Disposal of the appeals and costs

[80] In the application arising from the arrest of the Pasquale della Gatta the cross-appeal by Deiulemar against the dismissal of its application to set aside the arrest of the vessel must succeed with costs. The order for counter-security made by the high court pursuant to the conditional counter-application must be set aside. Therefore Imperial Marine’s appeal against the order for counter-security falls away. Its appeal against the quantum of security granted to it and against the order for costs in the high court falls to be dismissed.
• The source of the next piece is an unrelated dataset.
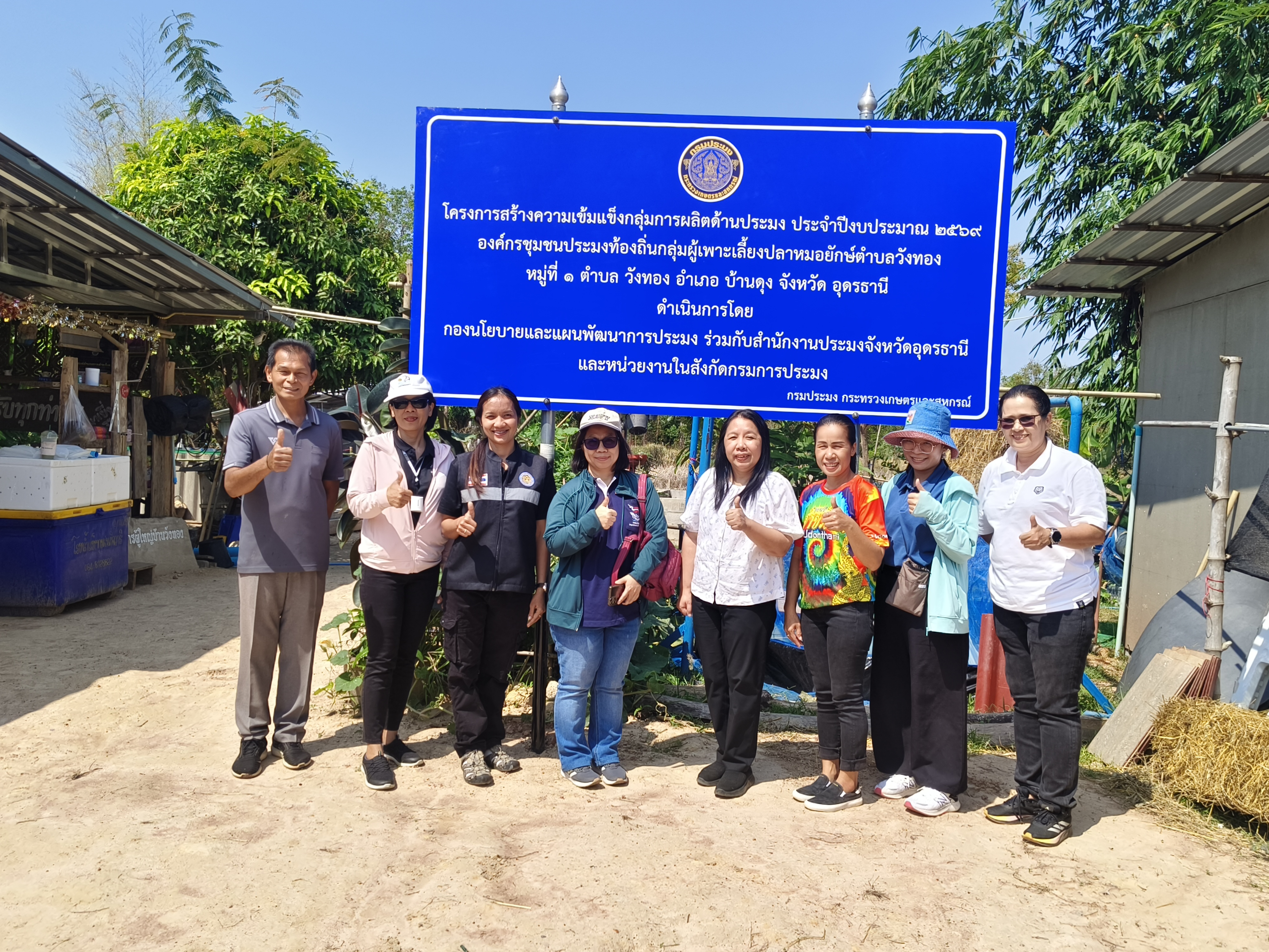 วันที่ 10 มีนาคม 2569  นางเอ็นดู สำรวมรัมย์ ประมงอำเภอบ้านดุง นางสาวพลอยศิริ เจริญศิรื เจ้าพนักงานประมงชำนาญงาน  นำเจ้าหน้าที่จาก กองนโยบายและแผนพัฒนาการประมง กรมประมง เข้าตรวจเยี่ยมผลการดำเนินการ กลุ่มชุมชนประมงท้องถิ่น ในโครงการสร้างความเข้มแข็งกลุ่มการผลิตด้านประมง ประจำปี 2569 จำนวน  2 กลุ่ม เขตตำบลวังทอง อำเภอบ้านดุง จังหวัดอุดรธานี

[81] In the application arising from the arrest of the Filippo Lembo Imperial Marine’s appeal against the order that it provide counter-security fails but its appeal against the quantum of that security succeeds and the amount for which it was ordered to provide security must be reduced to US$7 047 177.50 and the interest component is reduced to US$1 374 199,61. Its appeal against the orders reducing the amount of its security by US$7.2 million in respect of the claim for the replacement of the main engine cylinder blocks and its security in respect of costs by £250 000 fails as does its appeal against the costs order by the high court. Deiulemar’s cross-appeal against the order that it provide security for Imperial Marine’s claims in an amount of US$2 935 843.27 in respect of the claim for repairs to the shell plating at Antwerp succeeds. Both parties have achieved significant success in this court. A fair reflection of that would be to order each party to bear one half of the costs of and attendant upon the preparation of the record relating to this arrest29 and otherwise that each party bear its own costs of the appeal and cross-appeal.


Order

[82] In the appeal against the judgment in the case of the arrest of the Pasquale della Gatta (Case No AC20/09 in the high court) the following order is made:

  1. The appeal is dismissed with costs.

The cross-appeal is upheld with costs and the order of the high court is altered to read as follows:

(i) The order for the arrest of the Pasquale della Gatta granted ex parte on 20 March 2009 and the deemed arrest of the vessel pursuant to the provision of security to obtain its release from that arrest are set aside.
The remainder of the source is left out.